_TASK TO COMPLETE_
Retype the data below verbatim; pictures do not belong in the copy.

_SUPPLIED DATA_
^^^^^^^^^^^^^^^^

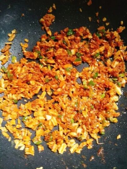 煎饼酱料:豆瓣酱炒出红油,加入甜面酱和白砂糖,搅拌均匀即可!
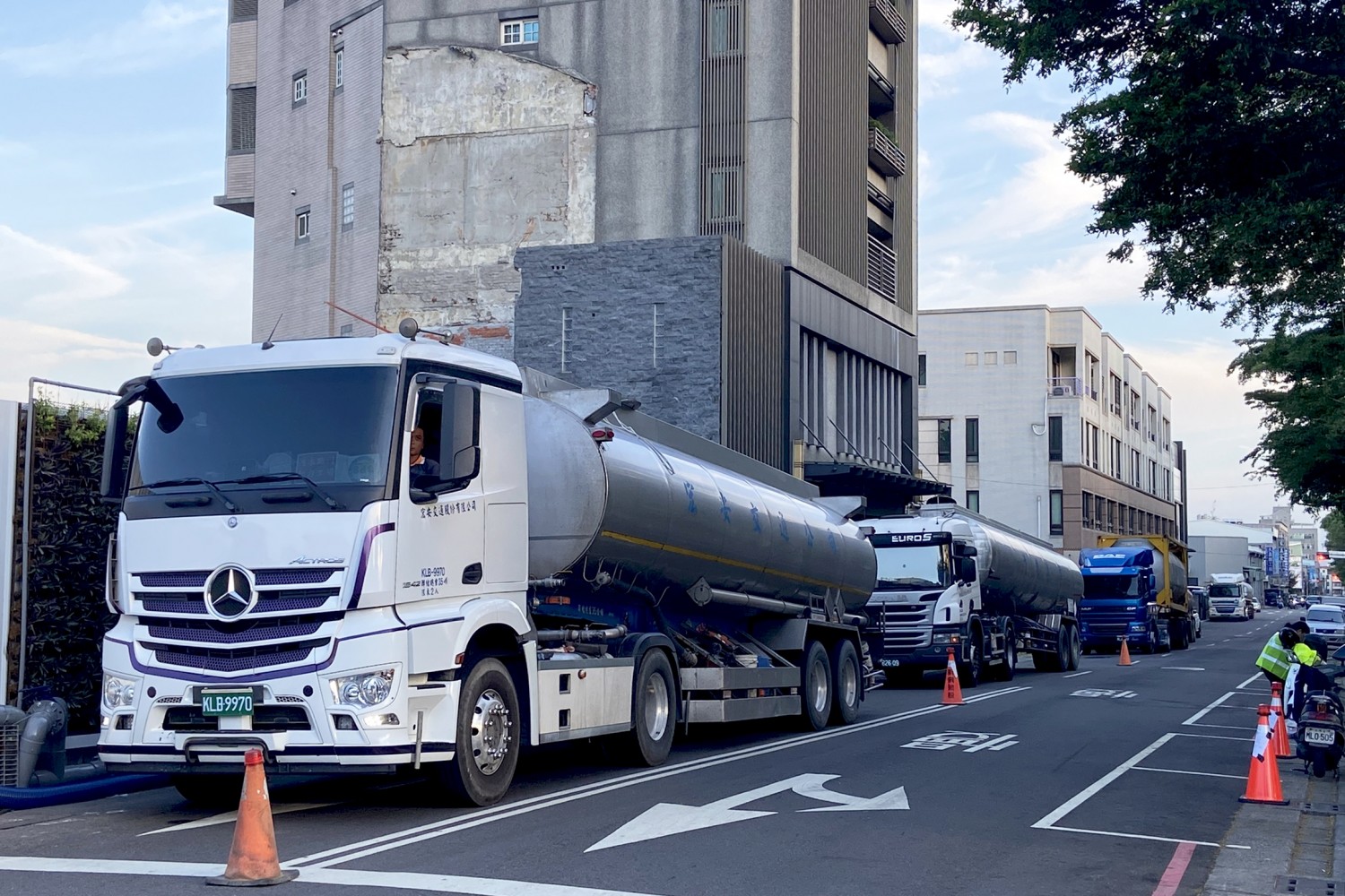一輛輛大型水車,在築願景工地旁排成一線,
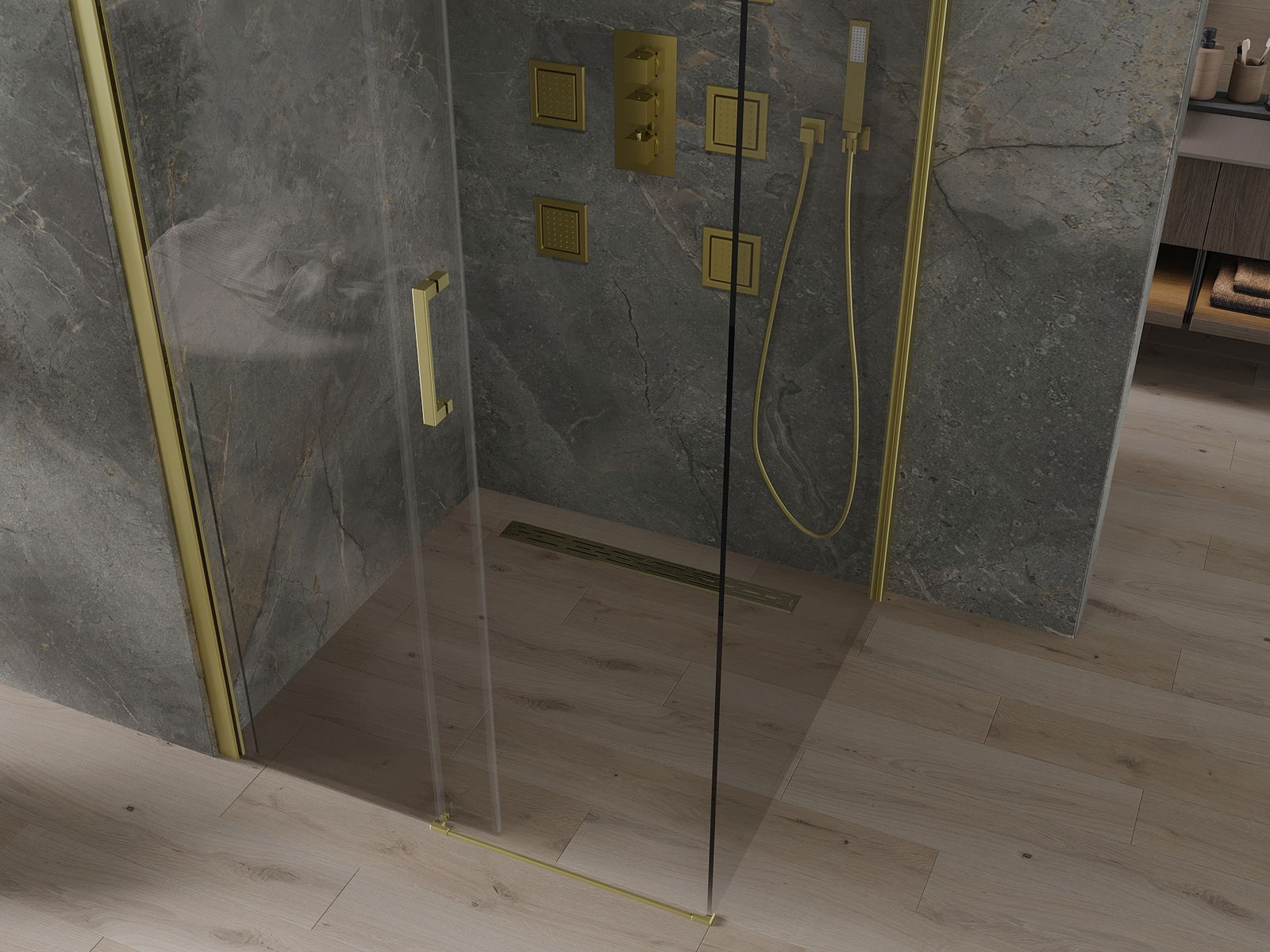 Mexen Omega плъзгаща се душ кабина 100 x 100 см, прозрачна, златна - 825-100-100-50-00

^^^^^^^^^^^^^^^^

_RESULT OF THIS TASK_
 煎饼酱料:豆瓣酱炒出红油,加入甜面酱和白砂糖,搅拌均匀即可!
一輛輛大型水車,在築願景工地旁排成一線,
 Mexen Omega плъзгаща се душ кабина 100 x 100 см, прозрачна, златна - 825-100-100-50-00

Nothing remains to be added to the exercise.